-3
$\begingroup$

The problem while learning R I faced is the following:

There are two places you can place your ads. The first one(A) claims that it attracts visitors more quickly than the second one(B). The given data represents the hours needed to attract 1000 visitors:

A: 3,6,6,4,4,5...

B: 6,5,4,4,5,6...

This means that A needs 3 hours to attract 1000 visitors, after that it needs 6 hours to attract 1000 more etc. Can we accept as true the claim of A?

I do not really need the concrete answer but an idea how to solve it in a more general case and write the code in R.

  • 0
    Are you willing to assume data are normal?

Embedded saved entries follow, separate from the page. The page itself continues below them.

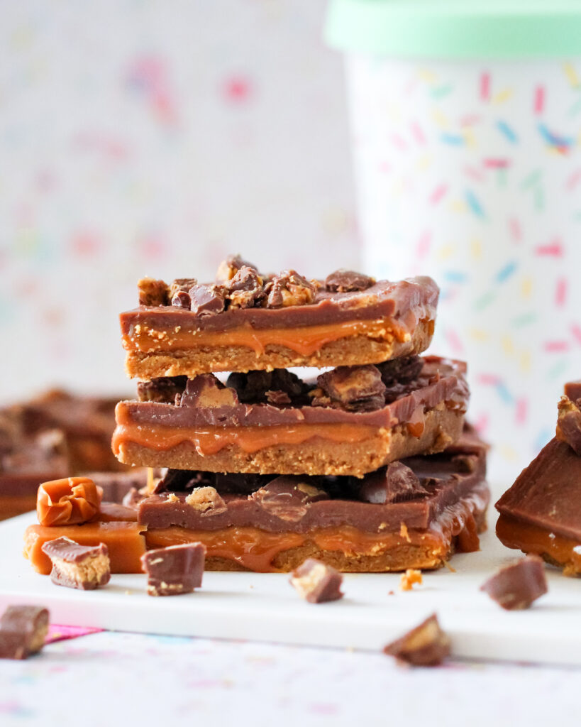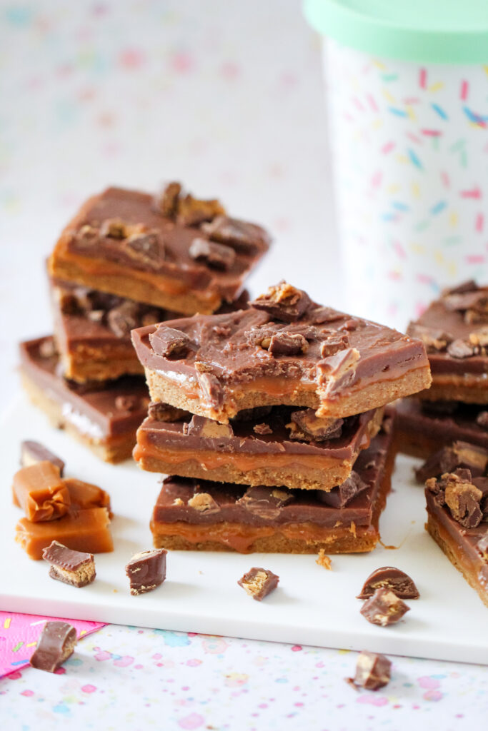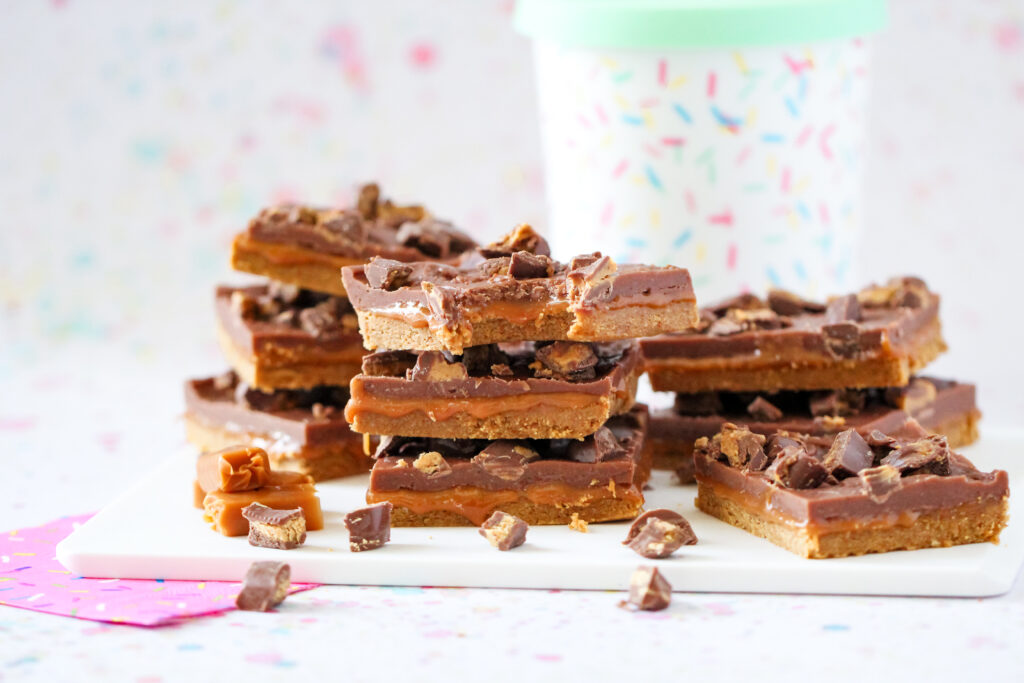 Plan for at least 3 to 4 hours in the fridge. This allows the fudge and caramel layers to set completely for clean cuts.
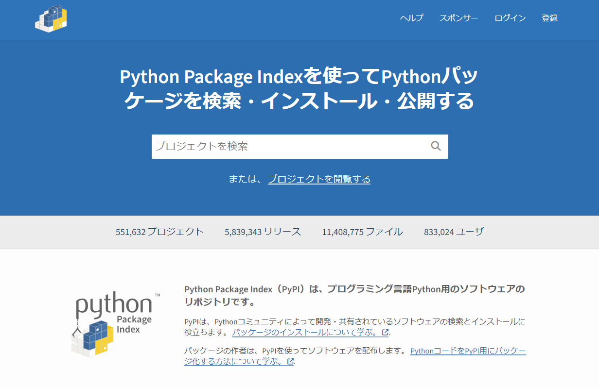 サードパーティ製パッケージは PyPI (the Python Package Index、パイピーアイと読む)というサイトで情報が共有されています。
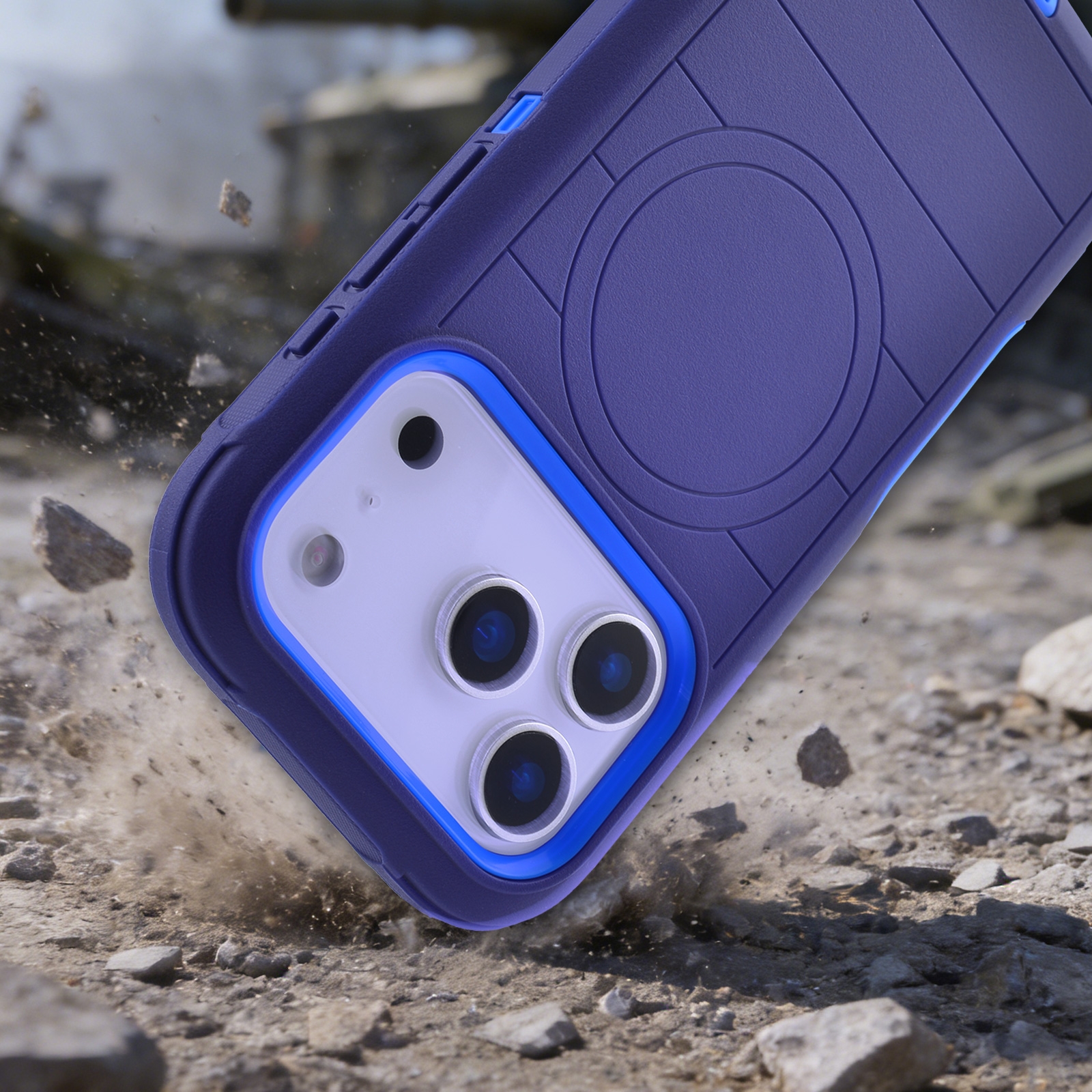 Durable Striped Texture Phone Case for iPhone 17 Pro, Dark Blue

You want a 2-sample Welch t-test?2017-01-20
  • 0
    The whole data is not normally distributed.2017-01-21
  • 0
    If not _too_ far from normal, with large enough sample sizes Welch t may still be OK. I showed nonparametric Wilcoxon SR. Are data exponential waiting times? Question a bit vague as it stands. Got a plot of the data? Can't tell much from brief bits posted. Please give me a clue what you're looking for. Passably good at R; mind reading not so much.2017-01-21
  • 1
    You have two questions. The first is for an algorithm to test the hypothesis and the second is for an R implementation of that algorithm. For the first question, you haven't provided enough data to design an algorithm to confidently test the hypothesis, IMO. If you do develop a good algorithm, expressing it in just about any language should be easy.2017-01-21

1 Answers 1

1

If you want a 2-sample Welch t-test, here it is.

a = rnorm(50, 6, .9)
b = rnorm(55, 5, 1)
t.test(a,b)

        Welch Two Sample t-test

data:  a and b 
t = 5.046, df = 102.573, p-value = 1.959e-06
alternative hypothesis: true difference in means is not equal to 0 
95 percent confidence interval:
 0.6096795 1.3993312 
sample estimates:
mean of x mean of y 
 5.867697  4.863191 

Two-sided and Welch are defaults. Use parameters to pool or for one-sided alternatives.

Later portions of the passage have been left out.